The constant breaking of the 4th wall with narrations and knowing winks to the camera may grate on a few, but I thought it added to the charm of the whole piece, nobody is taking this too seriously, and that surely is the point. Henry Cavill comes in as older brother Sherlock in casting that probably helped get the film made, with Cavill turning up occasionally as the reassuring presence in Enola’s life, but is generally given very little to do. Likewise, Helena Bonham Carter is a touch of familiarity but is sparsely used. The subplot involving the darker side of Bonham Carter’s Eudoria’s disappearance isn’t fully explored and is one of the lower aspects of the film.

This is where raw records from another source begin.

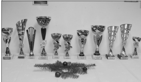
Do sbírky přibýlo 11 pohárů ze soutěží

upíjela. Byl silný a sladký. Kochala se tím nádherným vánočním stromem, u kterého stála a dívala se, jak září.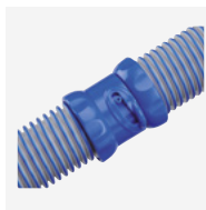
Twist Lock Schläuche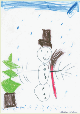
Celestina, 6 Jahre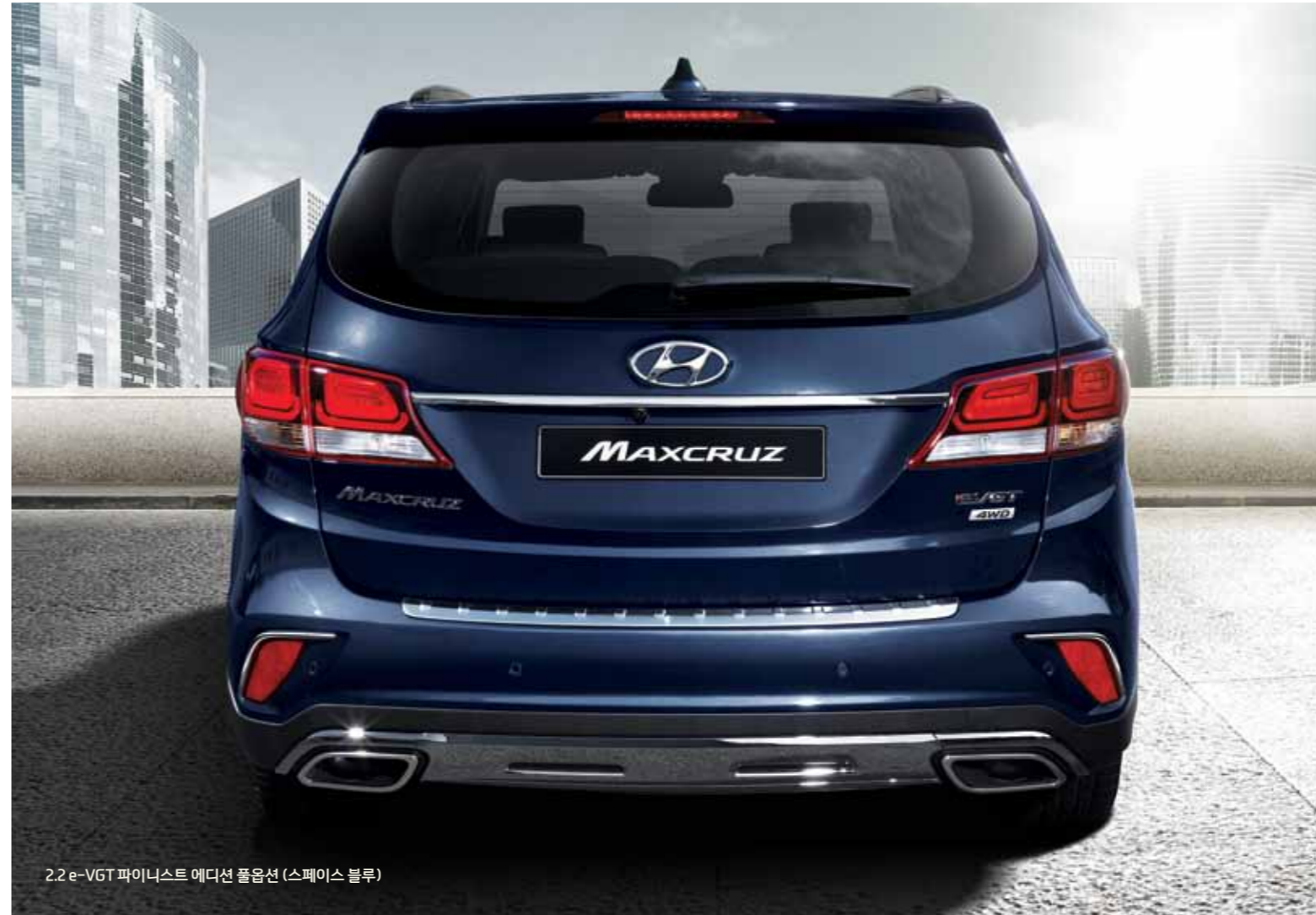
2.2 e-VGT 파이니스트 에디션 풀옵션 (스페이스 블루)

다이나믹한 볼륨감과 감성적인 디테일을 더해 고급스럽고 감각적인 맥스크루즈만의 스타일을 구현하였습니다. 완전히 새로워진 디자인의 차세대 대형 SUV, 맥스크루즈를 통해 당신의 스타일이 한 단계 업그레이드 됩니다.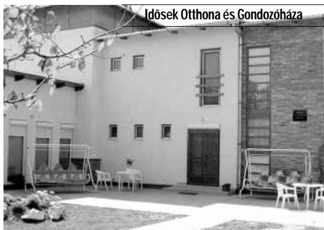
Idősek Otthona és Gondozóháza

A Gyulai u. 8. szám alatti Idősek Otthona és Gondozóháza akadálymentesített, parkosított, kellemes környezetben, családi légkörben, emelt szintű 2 ágyas, fürdőszobás szobákkal várja az idősek jelentkezését. Az otthon komplex, személyre szóló teljes körű ellátás, aktív pihenés keretében biztosítja lakói számára a kiegyensúlyozott életet.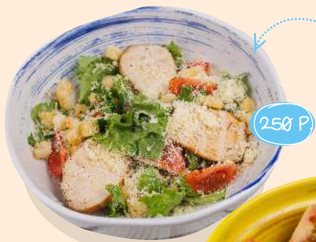
Ц езарь с курочкой 140 г

The film itself isn’t all slapstick, sweetness and light, Burn Gorman’s Linthorn is at the top end of sinister as a hired hitman who would have served as an equally terrifying adversary in one of older brother Sherlock’s adventures, and Sam Claflin has great fun as moustache-twirling “nasty” older brother Mycroft Holmes.

The film lags a little in the middle third which after the breakneck pace of the opening act is to be somewhat expected but picks up sufficiently for a more than satisfying conclusion.

Like most child stars, the true test is when that child becomes an adult, and Millie Bobby Brown has proved here that she has the presence and personality to be able to have a long and varied career. Only time will tell of course, but if nothing else this is a film that can be enjoyed for years to come. Great fun all round.